WHAT YOU SHOULD DO
Hand back every line from the beginning of the data below through the line containing "This is a crop", word for word and free of pictures.

═════ DATA PROVIDED

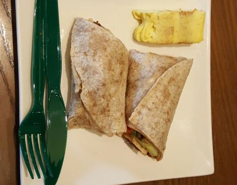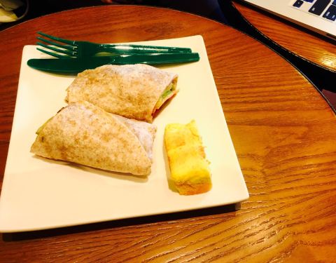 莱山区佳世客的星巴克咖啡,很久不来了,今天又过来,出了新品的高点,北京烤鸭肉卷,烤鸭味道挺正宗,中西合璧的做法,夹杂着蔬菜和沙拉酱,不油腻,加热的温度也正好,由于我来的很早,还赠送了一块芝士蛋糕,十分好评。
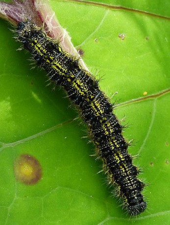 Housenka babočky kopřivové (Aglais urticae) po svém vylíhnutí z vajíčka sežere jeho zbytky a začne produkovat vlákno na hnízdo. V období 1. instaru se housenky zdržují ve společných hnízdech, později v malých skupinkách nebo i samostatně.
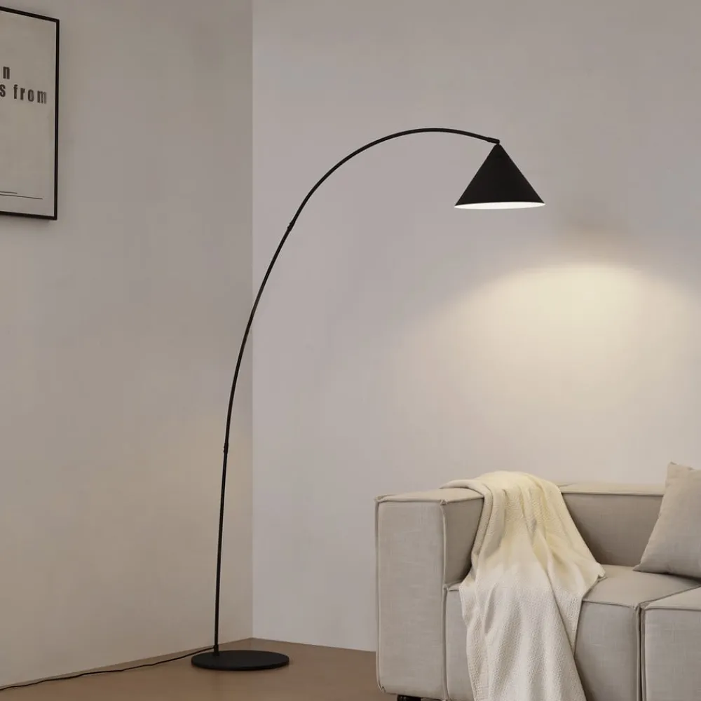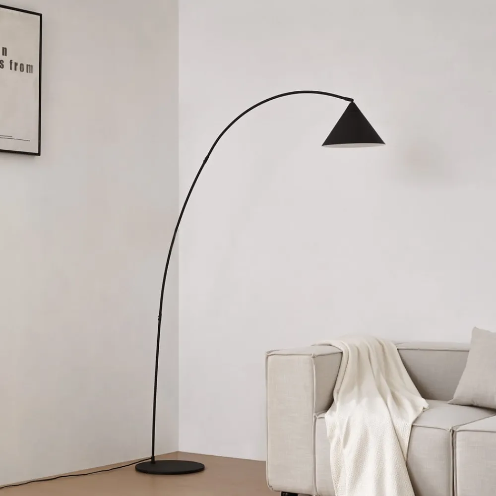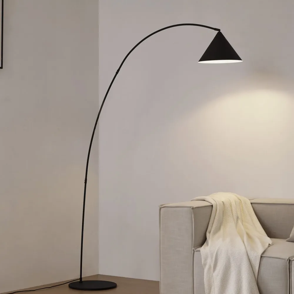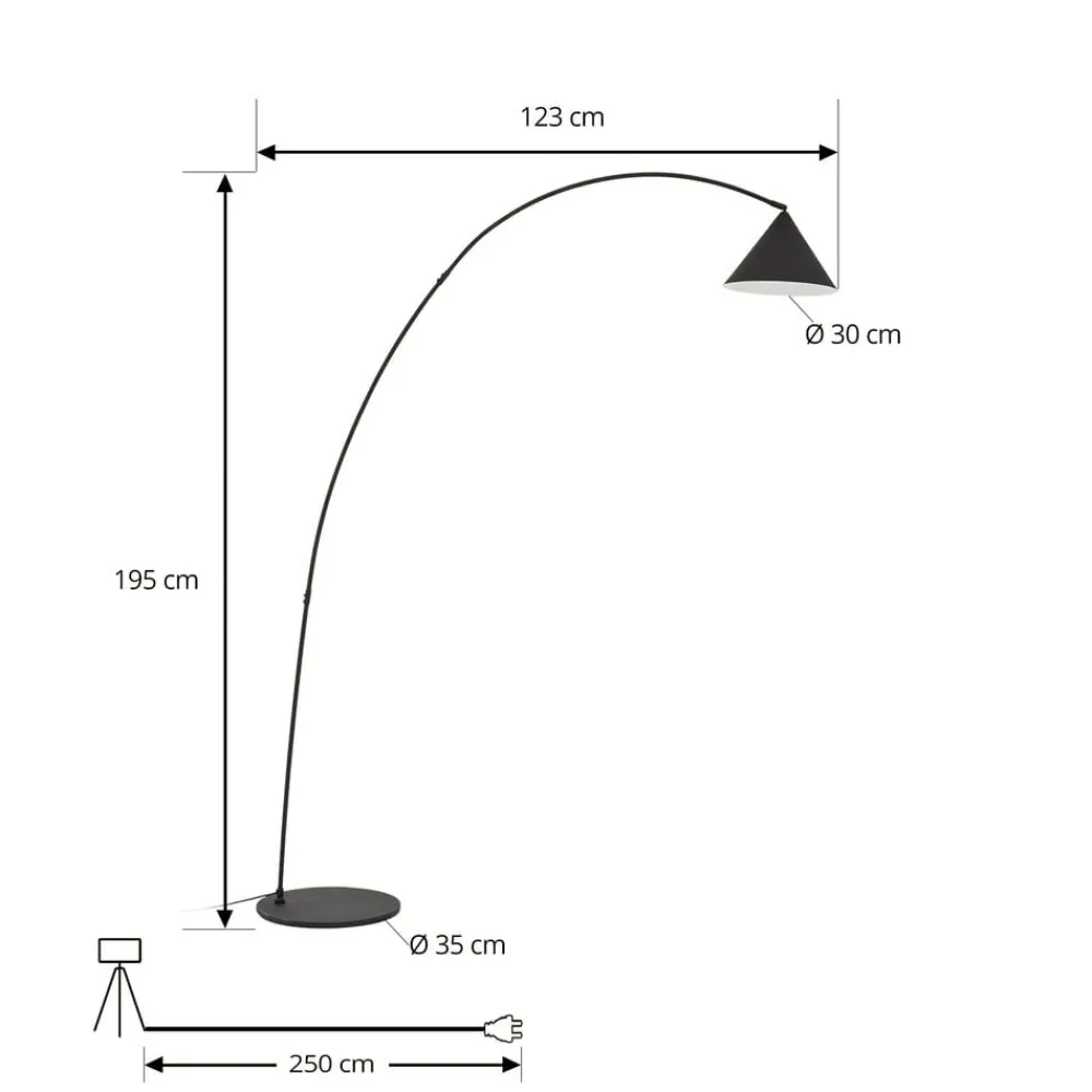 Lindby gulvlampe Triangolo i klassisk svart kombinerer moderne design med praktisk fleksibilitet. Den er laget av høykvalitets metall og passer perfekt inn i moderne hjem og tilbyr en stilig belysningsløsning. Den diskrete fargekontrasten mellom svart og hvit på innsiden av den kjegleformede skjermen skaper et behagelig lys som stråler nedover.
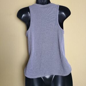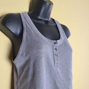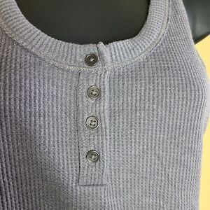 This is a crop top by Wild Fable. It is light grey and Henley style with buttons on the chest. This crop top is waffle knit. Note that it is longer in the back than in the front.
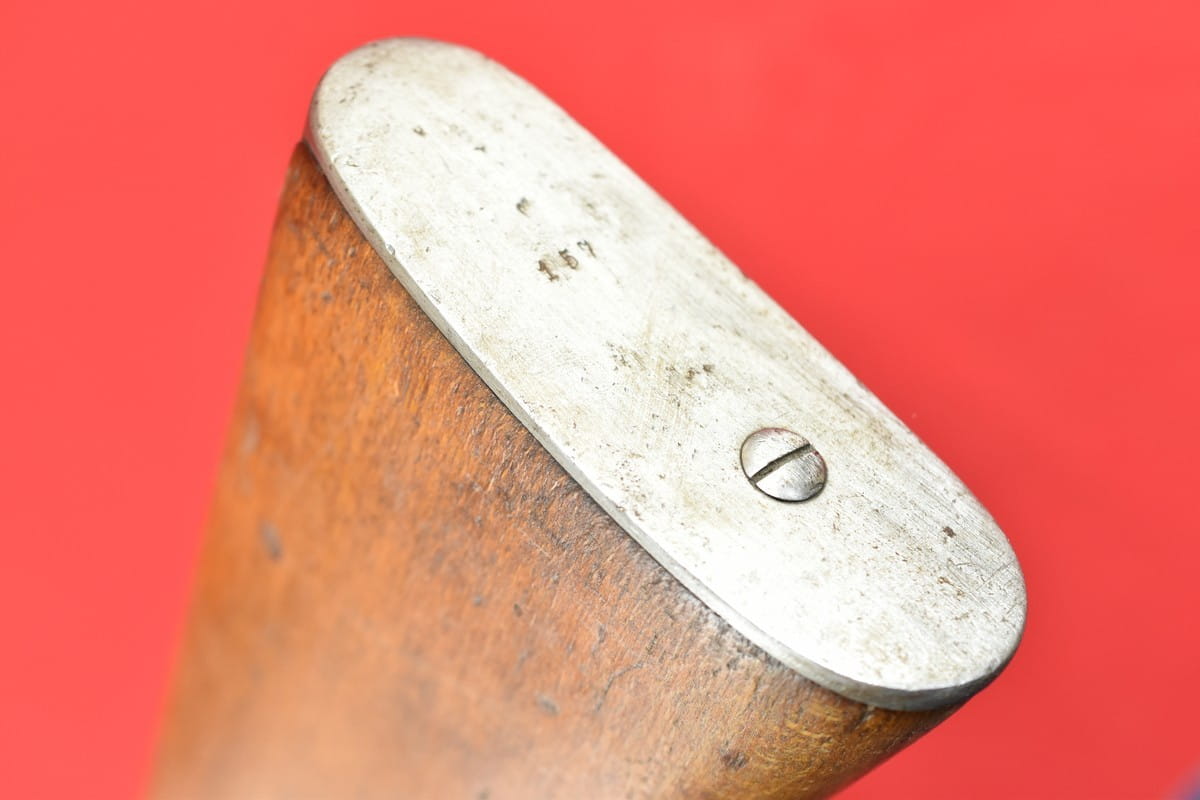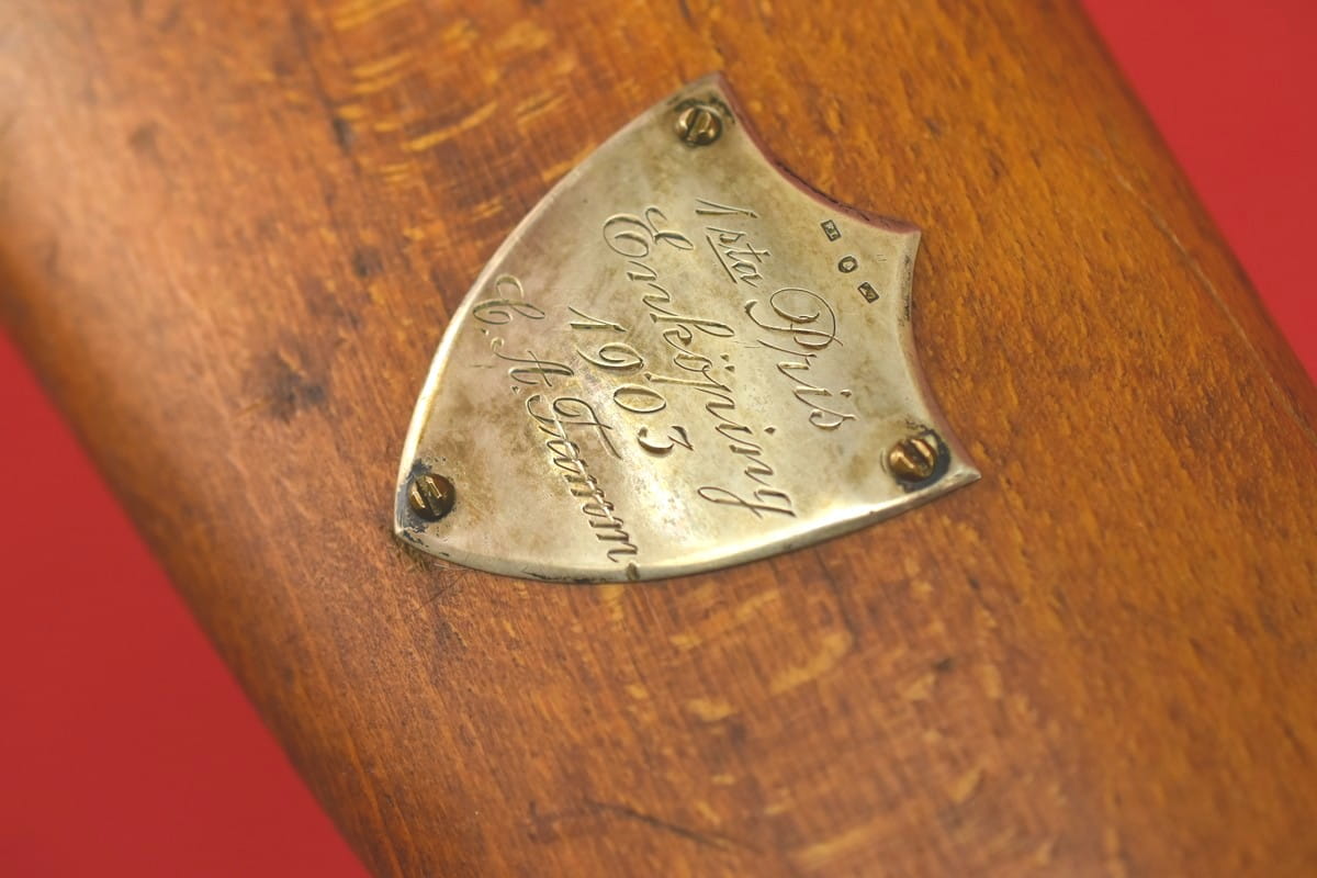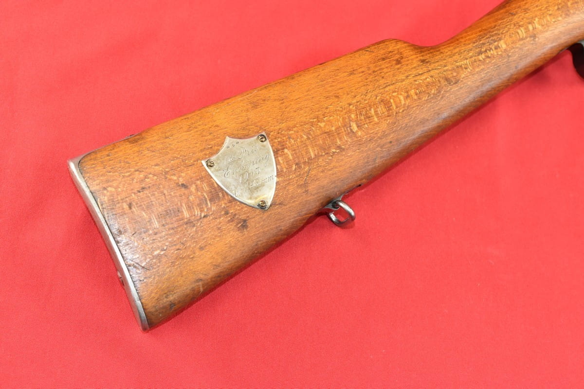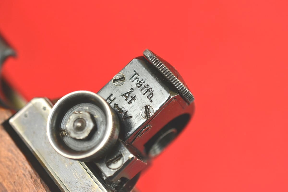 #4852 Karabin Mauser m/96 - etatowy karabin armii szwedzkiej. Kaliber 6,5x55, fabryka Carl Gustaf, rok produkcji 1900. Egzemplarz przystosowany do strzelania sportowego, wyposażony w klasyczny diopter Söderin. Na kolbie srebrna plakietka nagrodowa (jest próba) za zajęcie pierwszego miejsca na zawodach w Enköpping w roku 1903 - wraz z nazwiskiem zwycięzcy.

══════════

EXERCISE OUTPUT
 莱山区佳世客的星巴克咖啡,很久不来了,今天又过来,出了新品的高点,北京烤鸭肉卷,烤鸭味道挺正宗,中西合璧的做法,夹杂着蔬菜和沙拉酱,不油腻,加热的温度也正好,由于我来的很早,还赠送了一块芝士蛋糕,十分好评。
 Housenka babočky kopřivové (Aglais urticae) po svém vylíhnutí z vajíčka sežere jeho zbytky a začne produkovat vlákno na hnízdo. V období 1. instaru se housenky zdržují ve společných hnízdech, později v malých skupinkách nebo i samostatně.
 Lindby gulvlampe Triangolo i klassisk svart kombinerer moderne design med praktisk fleksibilitet. Den er laget av høykvalitets metall og passer perfekt inn i moderne hjem og tilbyr en stilig belysningsløsning. Den diskrete fargekontrasten mellom svart og hvit på innsiden av den kjegleformede skjermen skaper et behagelig lys som stråler nedover.
 This is a crop top by Wild Fable. It is light grey and Henley style with buttons on the chest. This crop top is waffle knit. Note that it is longer in the back than in the front.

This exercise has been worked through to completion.